Он помчался дальше, устилая дорогу кровавой пеной.
— Бешеный пес, — процедил я сквозь зубы, непроизвольно хватаясь за первый попавшийся камень.
— Глупец, — зашипело что-то в ответ, — глупец, ведь это же твой кум — безымянный брат.
Я озяб теперь так, что с трудом волочил онемевшие ноги. Проходя небольшую дубраву, я заметил среди ободранных, голых стволов группку людей, сидящих на поляне у яркого огня. Молочный густой дым выпускал свои белые щупальца из-под пучков хвороста, сухих веток и листьев, из которых был сложен костер, и, пресмыкаясь своим мягким телом, лизал землю, опутывал змеиными кольцами заросли дубняка, клубился в вихрях, ласкал хищные прелести терновника и чертополоха.
Я попросил сидящих вокруг него людей пустить меня погреться у огня. Они были такими же оборванцами, как и я, и имели подозрительный вид. Встревоженные моей просьбой, они посмотрели на меня с интересом, с недобрым блеском в лихих глазах, но, заметив бедняка, сардонически, с пренебрежением, ухмыльнулись. Пожилой, угрюмого вида, мужчина с издевкой процедил:
— Нет места. Катись к черту!
Я свернул на дорогу. Протяжный издевательский смех, бранный и колкий, несся за мной следом и еще долго, очень долго сопровождал меня своим едким хихиканьем.
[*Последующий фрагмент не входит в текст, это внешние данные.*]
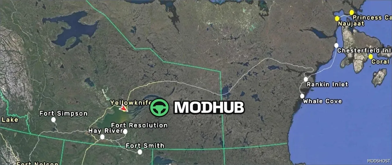 Road to Nunavut is a mod that connects Yellowknife (NWT) to Rankin Inlet (Nunavut) and is the only road going into the territory, connecting it to the rest of mainland Canada.
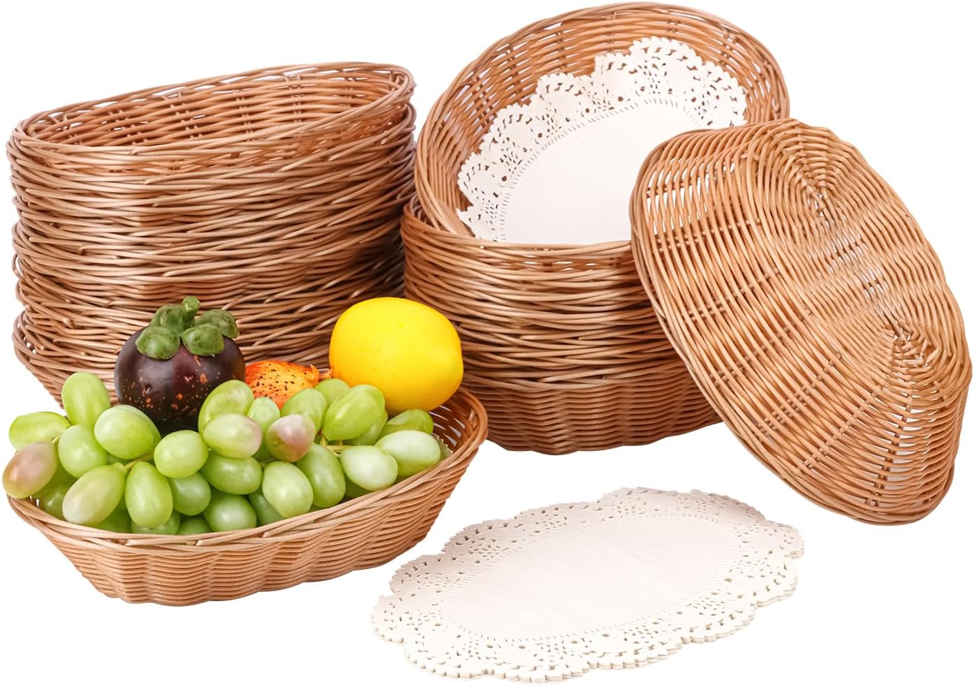 • 【Versatile Use】Ideal for daily use and elegant decorations for parties, these perforated Oval Poly Wicker Baskets allow airflow passage, perfect for storing fruits, vegetables, baked goods, tea, coffee mugs, dinner rolls, bread, napkins, and more.

А между тем сделалось еще холоднее. Дождь выливал целые каскады на вязкую от сырости землю; длинные, налитые слезами струны распростерлись между небосводом и заплаканными полями; то и дело ветер разрывал их, рассеивал на мелкие капли и сек мокрыми косами дождя придорожные деревья. Вдруг стемнело: мрачные осенние сумерки быстро спускались на рыдающий мир с лицом, прикрытым уродливой ладонью. Только вдалеке, у самого горизонта алел закат, но и его укрывали от моего взора посиневшие занавеси, сотканные из облаков, которые плотно смыкались над пурпурным солнцем.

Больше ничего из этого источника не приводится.